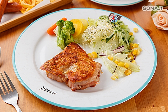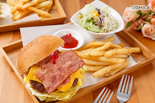 層層堆疊出來的好滋味!鮮嫩肉排加上培根和起司、搭配金黃脆薯和清爽的沙拉,輕鹹順口入味好食,各種食材顯盡多種風采,美味呈現!
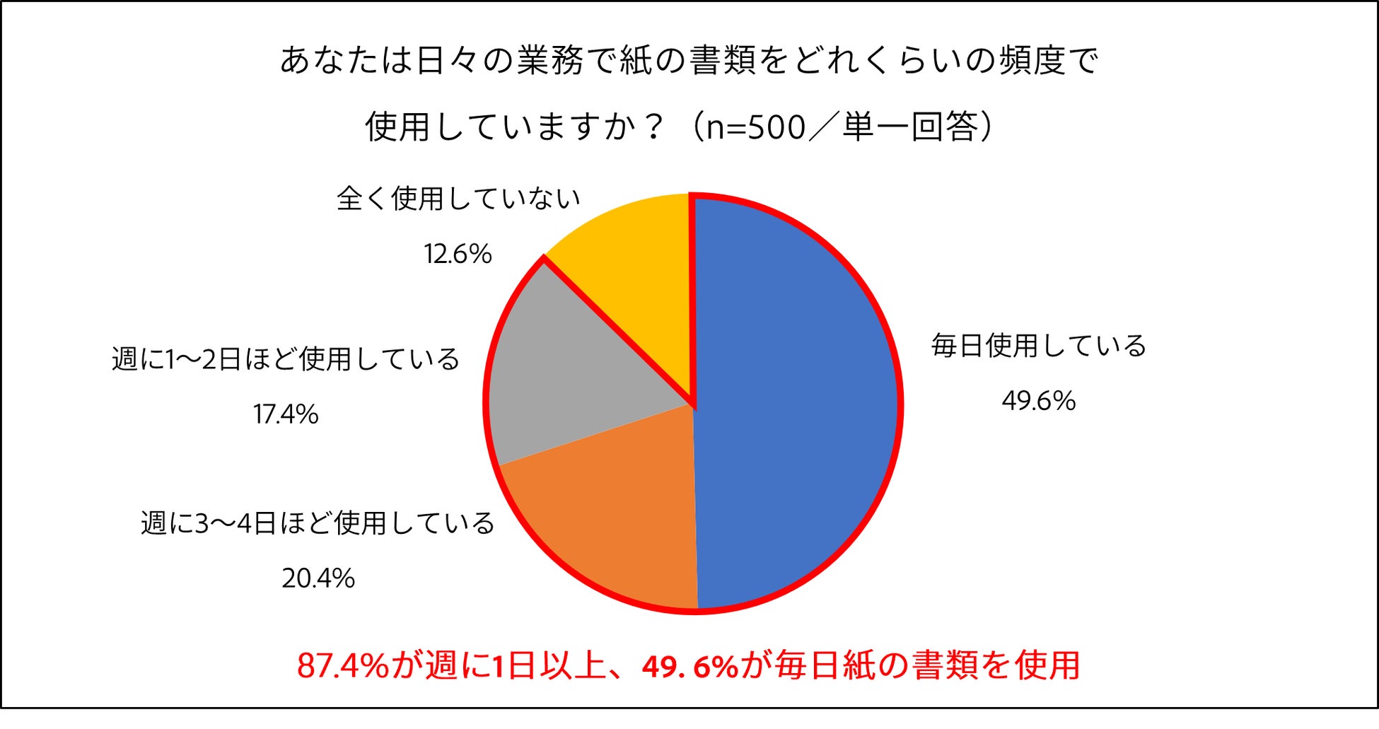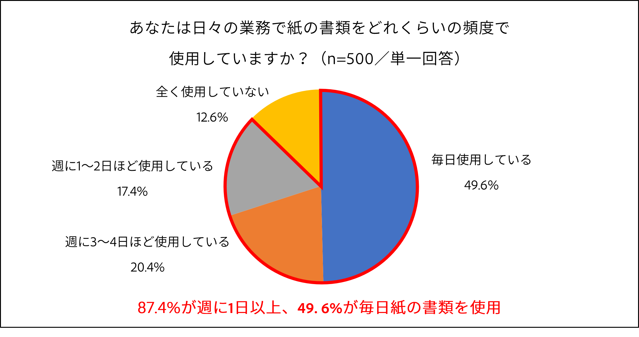 紙の書類の使用頻度について、全体の87.4%が「週に1日以上」、約半数(49. 6%)が「毎日」紙を使用している結果となりました。
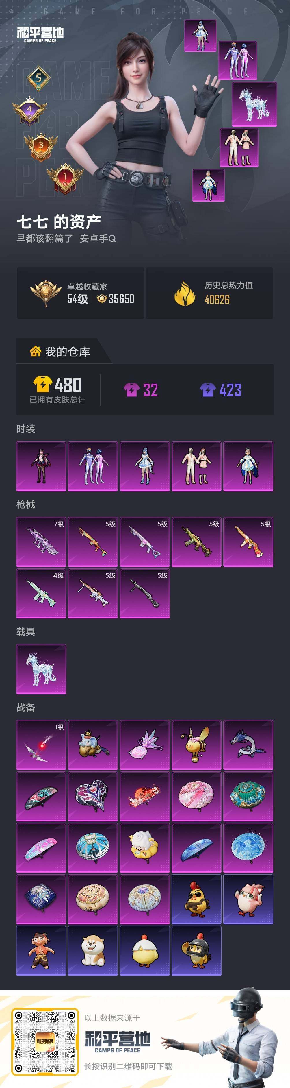 可二次【特价出售/店主推荐】安卓 手Q-5粉装-8特效枪-1载具-5粉色飞行器-40626热力值-5王牌印记-78套装-134枪皮【热门品类】:粉装-梦幻火箭,套装-深海小丑鱼【粉色套装】:粉装-梦幻火箭,角色-洛天依,粉装-第五大道,角色-奇迹舞步 美琪,角色-罪夜之冕【粉色枪皮等级】:Famas-天象三御(七级),汤姆逊-热量炸弹(五级),AKS-74U-森灵之息(五级),Mk14-甜梦熊击
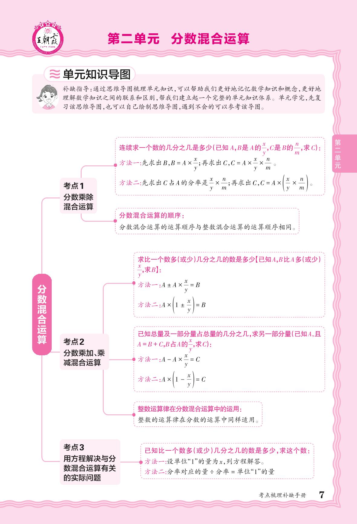 2024秋上册六年级数学北师版 考点梳理补缺手册——第二单元 分数混合运算

- - - -

▶ WHAT THE TASK REQUIRES
An exact repetition of the listing is needed, with the pictures dropped.

▶ RESPONSE AREA
 層層堆疊出來的好滋味!鮮嫩肉排加上培根和起司、搭配金黃脆薯和清爽的沙拉,輕鹹順口入味好食,各種食材顯盡多種風采,美味呈現!
 紙の書類の使用頻度について、全体の87.4%が「週に1日以上」、約半数(49. 6%)が「毎日」紙を使用している結果となりました。
 可二次【特价出售/店主推荐】安卓 手Q-5粉装-8特效枪-1载具-5粉色飞行器-40626热力值-5王牌印记-78套装-134枪皮【热门品类】:粉装-梦幻火箭,套装-深海小丑鱼【粉色套装】:粉装-梦幻火箭,角色-洛天依,粉装-第五大道,角色-奇迹舞步 美琪,角色-罪夜之冕【粉色枪皮等级】:Famas-天象三御(七级),汤姆逊-热量炸弹(五级),AKS-74U-森灵之息(五级),Mk14-甜梦熊击
 2024秋上册六年级数学北师版 考点梳理补缺手册——第二单元 分数混合运算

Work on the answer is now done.